ACTIVITY –
The answer must consist only of the lines from the line with "2025年3月,中指研究院召" to the line with "Jakkinn er úr", both included, exactly as they stand below.

Entries taken from a collection

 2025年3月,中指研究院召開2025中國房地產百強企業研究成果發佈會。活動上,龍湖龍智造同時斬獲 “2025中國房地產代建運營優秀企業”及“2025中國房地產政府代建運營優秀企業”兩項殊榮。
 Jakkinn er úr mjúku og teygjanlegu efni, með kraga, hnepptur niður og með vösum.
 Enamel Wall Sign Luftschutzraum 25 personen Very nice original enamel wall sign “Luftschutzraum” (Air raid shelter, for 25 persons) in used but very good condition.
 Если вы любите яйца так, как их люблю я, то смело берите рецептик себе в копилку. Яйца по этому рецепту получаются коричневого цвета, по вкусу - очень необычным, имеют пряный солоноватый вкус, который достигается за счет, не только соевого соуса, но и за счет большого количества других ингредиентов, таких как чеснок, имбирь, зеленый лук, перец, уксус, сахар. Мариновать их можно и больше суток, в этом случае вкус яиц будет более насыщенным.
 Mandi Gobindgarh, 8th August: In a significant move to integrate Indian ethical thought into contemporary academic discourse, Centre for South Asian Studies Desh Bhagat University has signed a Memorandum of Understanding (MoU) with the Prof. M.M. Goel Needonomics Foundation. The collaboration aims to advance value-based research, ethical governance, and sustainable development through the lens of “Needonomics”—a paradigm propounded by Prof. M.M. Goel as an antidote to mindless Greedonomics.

==

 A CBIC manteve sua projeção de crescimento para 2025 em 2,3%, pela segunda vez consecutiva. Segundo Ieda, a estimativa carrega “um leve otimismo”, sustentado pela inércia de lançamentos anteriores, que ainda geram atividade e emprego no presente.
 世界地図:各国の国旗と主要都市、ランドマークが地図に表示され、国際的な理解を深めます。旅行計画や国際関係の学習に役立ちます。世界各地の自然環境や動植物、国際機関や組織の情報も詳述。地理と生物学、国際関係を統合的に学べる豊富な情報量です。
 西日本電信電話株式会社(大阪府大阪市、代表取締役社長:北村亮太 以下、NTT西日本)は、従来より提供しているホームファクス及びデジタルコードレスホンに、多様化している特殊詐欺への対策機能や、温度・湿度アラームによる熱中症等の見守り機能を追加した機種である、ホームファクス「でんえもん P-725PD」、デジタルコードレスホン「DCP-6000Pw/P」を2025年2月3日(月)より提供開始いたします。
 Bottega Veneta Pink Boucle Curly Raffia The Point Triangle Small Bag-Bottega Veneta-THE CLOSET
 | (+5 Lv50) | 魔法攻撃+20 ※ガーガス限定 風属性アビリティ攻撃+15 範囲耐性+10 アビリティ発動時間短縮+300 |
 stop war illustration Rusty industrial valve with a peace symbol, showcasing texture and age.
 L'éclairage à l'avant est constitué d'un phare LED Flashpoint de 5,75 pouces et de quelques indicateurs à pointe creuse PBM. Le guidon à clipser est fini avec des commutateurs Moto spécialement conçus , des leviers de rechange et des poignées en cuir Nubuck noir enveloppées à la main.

ANSWER SECTION –
 2025年3月,中指研究院召開2025中國房地產百強企業研究成果發佈會。活動上,龍湖龍智造同時斬獲 “2025中國房地產代建運營優秀企業”及“2025中國房地產政府代建運營優秀企業”兩項殊榮。
 Jakkinn er úr mjúku og teygjanlegu efni, með kraga, hnepptur niður og með vösum.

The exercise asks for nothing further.